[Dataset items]
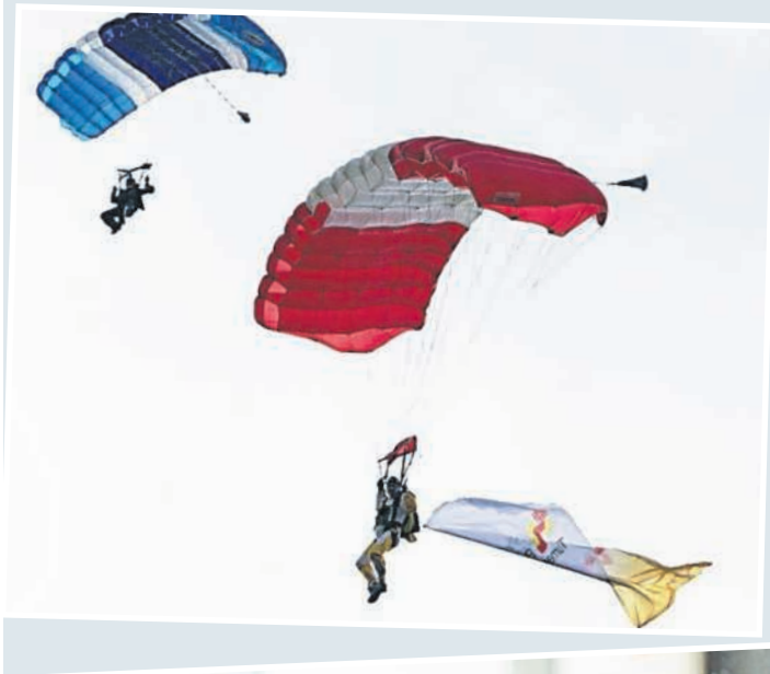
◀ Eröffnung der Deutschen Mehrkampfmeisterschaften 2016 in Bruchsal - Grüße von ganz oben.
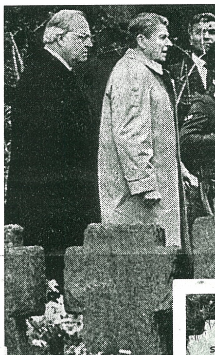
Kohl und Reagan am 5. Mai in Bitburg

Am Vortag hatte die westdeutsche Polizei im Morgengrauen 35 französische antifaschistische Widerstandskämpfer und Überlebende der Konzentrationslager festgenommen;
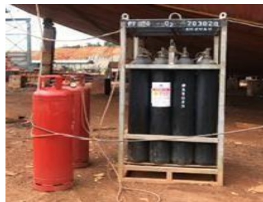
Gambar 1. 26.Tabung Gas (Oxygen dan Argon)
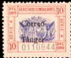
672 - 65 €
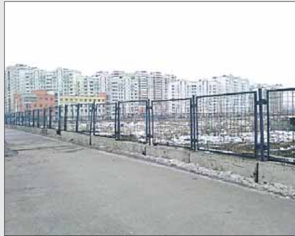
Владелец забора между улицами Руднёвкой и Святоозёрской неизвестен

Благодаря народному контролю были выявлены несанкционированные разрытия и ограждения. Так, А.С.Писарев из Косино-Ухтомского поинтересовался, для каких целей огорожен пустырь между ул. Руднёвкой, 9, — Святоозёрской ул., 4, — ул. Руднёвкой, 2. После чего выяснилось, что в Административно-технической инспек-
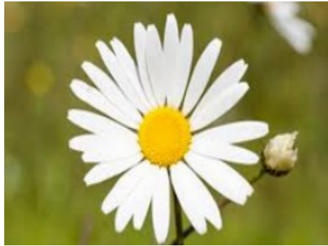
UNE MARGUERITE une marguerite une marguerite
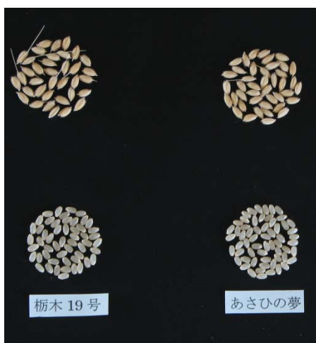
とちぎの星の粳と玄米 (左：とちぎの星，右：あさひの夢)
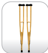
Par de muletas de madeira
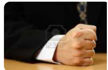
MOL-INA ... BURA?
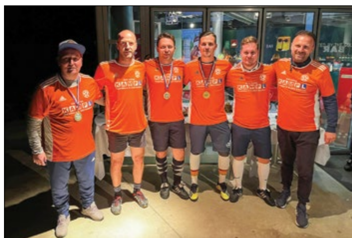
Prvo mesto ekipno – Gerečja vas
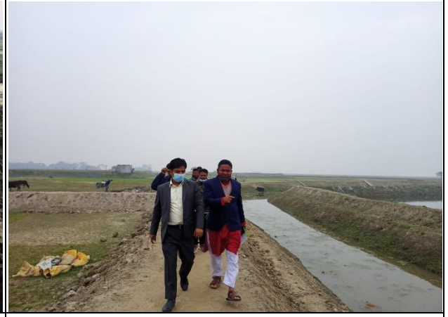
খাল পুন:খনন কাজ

Activity ▸ For this exercise, retype the data above exactly and skip every image.

Answer space ▸
◀ Eröffnung der Deutschen Mehrkampfmeisterschaften 2016 in Bruchsal - Grüße von ganz oben.
Kohl und Reagan am 5. Mai in Bitburg

Am Vortag hatte die westdeutsche Polizei im Morgengrauen 35 französische antifaschistische Widerstandskämpfer und Überlebende der Konzentrationslager festgenommen;
Gambar 1. 26.Tabung Gas (Oxygen dan Argon)
672 - 65 €
Владелец забора между улицами Руднёвкой и Святоозёрской неизвестен

Благодаря народному контролю были выявлены несанкционированные разрытия и ограждения. Так, А.С.Писарев из Косино-Ухтомского поинтересовался, для каких целей огорожен пустырь между ул. Руднёвкой, 9, — Святоозёрской ул., 4, — ул. Руднёвкой, 2. После чего выяснилось, что в Административно-технической инспек-
UNE MARGUERITE une marguerite une marguerite
とちぎの星の粳と玄米 (左：とちぎの星，右：あさひの夢)
Par de muletas de madeira
MOL-INA ... BURA?
Prvo mesto ekipno – Gerečja vas
খাল পুন:খনন কাজ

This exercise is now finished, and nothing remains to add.